1. Field of the Invention
The present invention relates generally to voltage regulator circuits and, more particularly, to regulator circuits for supplying a regulated and adjustable output voltage.
2. Description of the Prior Art
U.S. Pat. No. 3,617,859 discloses a so-called "bandgap" voltage reference circuit recently adopted in many semiconductor integrated circuit voltage regulators. The circuit employs three cascaded, matched transistors formed in a common substrate and utilizes the temperature dependent characteristics of a transistor emitter-base voltage to achieve a regulator circuit exhibiting an essentially zero temperature coefficient. The three transistors are coupled in a manner such that the negative temperature coefficient of the emitter-base voltage of one transistor is compensated or offset by the positive temperature coefficient of the emitter-base differential voltage between the remaining two transistors which are operated at greatly different current levels.
In the aforementioned patent, the zero temperature coefficient, bandgap voltage reference circuit is connected across the inverting and noninverting input terminals of an operational amplifier having an output terminal adapted to supply a regulated output voltage.

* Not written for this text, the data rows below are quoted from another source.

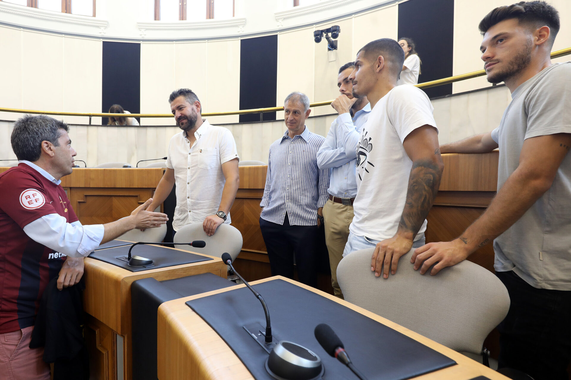 Durante el transcurso del acto, celebrado en el Salón de Plenos, el presidente ha entregado a los jugadores una insignia de la Diputación, mientras que ellos le han regalado una camiseta del club con su nombre y el número 31 en la espalda, en referencia al número de diputados que integran la corporación provincial.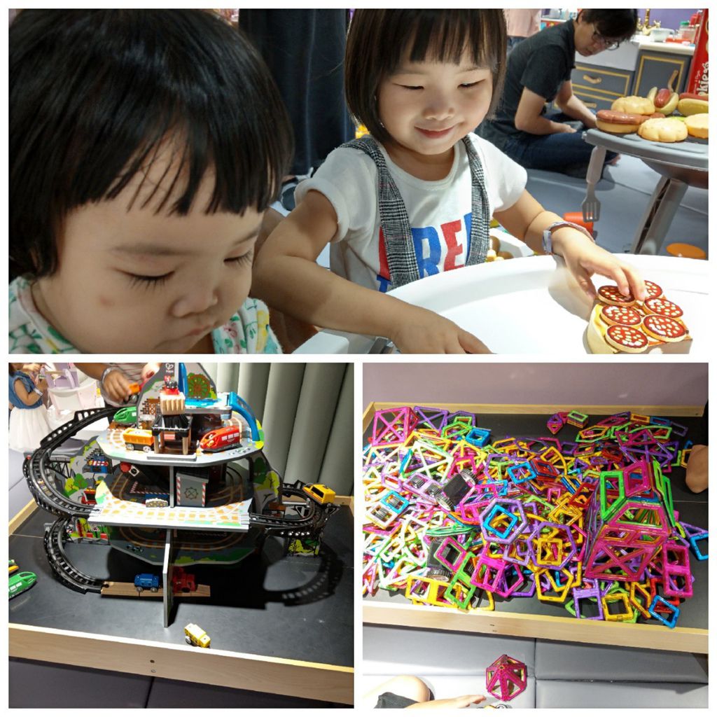 這裡擺放的玩具都是小朋友的心頭好,擬真的辦家家酒玩具、造型磁鐵片、全套的停車場等…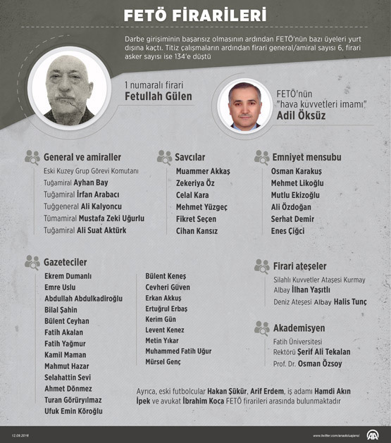 FETÖ’nün darbe girişimine ilişkin soruşturma kapsamında Ankara’daki Akıncı Üssü’nde gözaltına alındıktan sonra salıverilen FETÖ’nün “hava kuvvetleri imamı” olduğu ileri sürülen Adil Öksüz de kaçan isimlerin başında geliyor.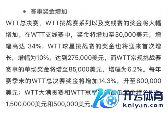 尽管在"首要更新"中,WTT 提到了加多赛事奖金,但仔细一看其实并没加多若干,反而看成最高赛事的大满贯上限变成 150 万好意思元,相较于 2024 年还是举办的中国大满贯和沙特大满贯的 200 万好意思元,反倒缩水了。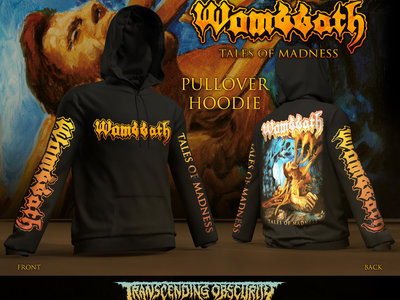 The Wombbath pullover hoodie is an absolute unit! It's made of extremely comfortable cotton, and has prints on both sleeves as well as a giant band logo on the front. Then, of course, there is the massive print of the phenomenal album artwork by Sv Bell (Amorphis, Kataklysm) on the back, and the kangaroo pocket in the front to tuck your hands and essentials in.These are very limited so don’t miss out!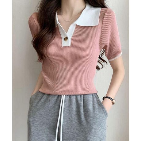 配色デザインが目を引く襟付きリブニットトップス。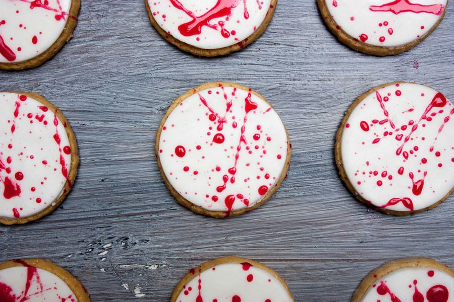 Y ya por último, no podía faltar una receta fácil para niños para este día. Podemos hacer unas riquísimas galletas de mantequilla (o las que a ti más te gusten) y decorarlas para la ocasión. Necesitaremos fondant blanco, azucar glass y colorante alimentario rojo para decorarlas con gotitas de sangre. Mira el paso a paso de como se hace en el blog The cooking lab.
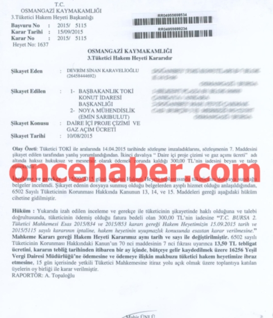 TOK� evlerinde taahh�t edildi�i halde do�algaz ba�lanmas� i�in ayr�ca tesisat projelendirme �creti istenmesine T�ketici Hakem Heyeti 'Dur' dedi... TOK� Evleri "do�algazl�" olarak sat��a sunuluyor olsa dahi, evinize do�algaz ba�latmak i�in da��t�m �irketine abonelik a�t�rmaya gitti�inizde, sizden "proje" isteniyor. Projeyi ise, tesisat� projelendirne firmadan ancak "proje paras�" �deyerek alabiliyorsunuz. ��te bu durumdan rahats�z olan Devrim Sinan KARAVEL�O�LU, konuyu T�ketici Hakem Heyetine G�t�rd� ve hakl�l���n� tescil ettirdi. ![]() Karar Sonras� bas�n a��klamas� yay�nlayan KARAVEL�O�LU, karar�n TOK� ve y�klenici m�hendislik firmalar�na kar�� bir zafer oldu�unu belirtti. BASIN A�IKLAMASI Bilindi�i �zere Ba�bakanl�k Toplu Konut �daresi Ba�kanl��� (TOK�) taraf�ndan yapt�r�lan merkezi sistem �s�tma dairelerde yaln�zca �ofben ve ocak kullan�m� i�in gerekli olan bireysel do�algaz aboneli�i ba�vurusu esnas�nda TOKݒnin y�klenici firmas� durumunda olan m�hendislik firmalar� taraf�ndan �Daire i�i proje �izimi ve gaz a��m� �creti� ad� alt�nda haks�z, hukuksuz ve yasal dayana�� olmadan 300 TL. �cret al�nmaktad�r. TOK� bu binalar� anahtar teslim yapmay� taahh�t etmi� olup daireler projelerinde �do�algazl�� olarak g�r�nmektedirler. Hi� kimsenin sonradan do�algaz tesisat� yapt�rmas� s�z konusu de�ildir. Daire i�i proje �iziminin TOK� ile y�klenici m�hendislik firmalar� aras�nda halledilmesi gereken bir konu oldu�u, t�ketici konumundaki daire sahiplerini ilgilendirmedi�ine ku�ku yoktur. Durum buyken TOK� S�zle�mesi�nin �Gayrimenkule su, elektrik, do�algaz vb ba�lanmas�na ili�kin tesis, abonman ve di�er ba�lama giderleri al�c� taraf�ndan �denecektir.� h�km�n� i�eren 7. maddesi TOK� ve y�klenici m�hendislik firmalar� taraf�ndan kas�tl� olarak yanl�� yorumlanarak bu �cretler al�nmaktad�r. Bu maddede bahsedilen �cretler daire sahibinin Bursagaz, Teda�, Buski gibi kurumlara �deyece�i abonelik �creti, g�vence bedeli gibi �cretler olup hi�bir �ekilde daire i�i proje �izimi ve gaz a��m� �cretini kapsamamaktad�r. �ok say�da daire sahibinin �ikayetine sebep olan bu �Deli Dumrul �creti� ni dairemin do�algaz aboneli�ini yapt�rabilmek i�in ben de TOKݒnin y�klenicisi konumunda olan Noya M�hendislik adl� m�hendislik firmas�na �demek zorunda kald�m. Ard�ndan hem TOK� hem de Noya M�hendislik (Emin SARIBULUT) hakk�nda Bursa, Osmangazi 3. T�ketici Sorunlar� Hakem Heyeti Ba�kanl����na �ikayette bulundum. Ad� ge�en T�ketici Sorunlar� Hakem Heyeti �yeleri sahs�ma kar�� duyduklar� �zel husumet nedeni ile ve �ikayetimin yarg�lama yapmay� gerektirir nitelikte olmas� gibi as�ls�z bir gerek�e ile �ikayetimi reddetmi�tir. Bu konudaki ayr�nt� gerekirse taraf�mdan a��klanacakt�r. Y�lmad�m, karara Bursa 2. T�ketici Mahkemesi�nde itiraz ettim. Bursa 2. T�ketici Mahkemesi, Osmangazi T�ketici Sorunlar� Hakem Heyeti�nin bu karar�n� iptal etmi� ve kendilerine geri g�ndermi�tir. Bunun �zerine Bursa 3. T�ketici Sorunlar� Hakem Heyeti istemeyerek de olsa haks�z, hukuksuz, mesnetsiz olarak al�nan bu �cretin taraf�ma iadesine karar vermek zorunda kalm��t�r. Bu karar TOKݒye ve onun y�klenicisi konumunda olan m�hendislik firmalar�na kar�� t�keticinin bir zaferidir. Kamuoyuna sayg� ile duyurulur.10.03.2016 Devrim Sinan KARAVEL�O�LU �nce Haber Ajans� (OHA) Bu haber 20204 defa okunmu�tur.

The source of unregulated voltage is connected to a supply input terminal of the operational amplifier and to one terminal of the bandgap voltage reference circuit through a current source. While this voltage regulator circuit arrangement is satisfactory for many applications, it exhibits a number of drawbacks. For example, the circuit is suitable for only a very limited change in load and will supply only a very low value of regulated voltage slightly above the theoretical semiconductor energy bandgap voltage (e.g., about 1.5 volts for silicon transistors). Thus, the designation as a "bandgap" voltage regulator. To supply higher regulated voltages, several circuit units must be "stacked" to arrive at multiples of 1.5 volts. Moreover, separate active current supplying devices are required for the bandgap voltage reference circuit and for the operational amplifier. In addition, the circuit exhibits a relatively high standby power consumption. This is particularly undesirable in applications where the source of unregulated voltage applied to the regulator circuit is derived from a battery. For example, portable, battery powered electrochemical measuring systems, for measuring ion concentration such as solution pH, require a stable regulated reference voltage during measurement. Obviously, if the battery is unnecessarily drained during standby intervals, the usefulness of such measuring systems in the field is compromised.
As a result, a need exists for a voltage regulator circuit exhibiting the advantages of the prior circuit, such as inherent temperature stability, without the standby current drain and other disadvantages. The present invention meets these needs.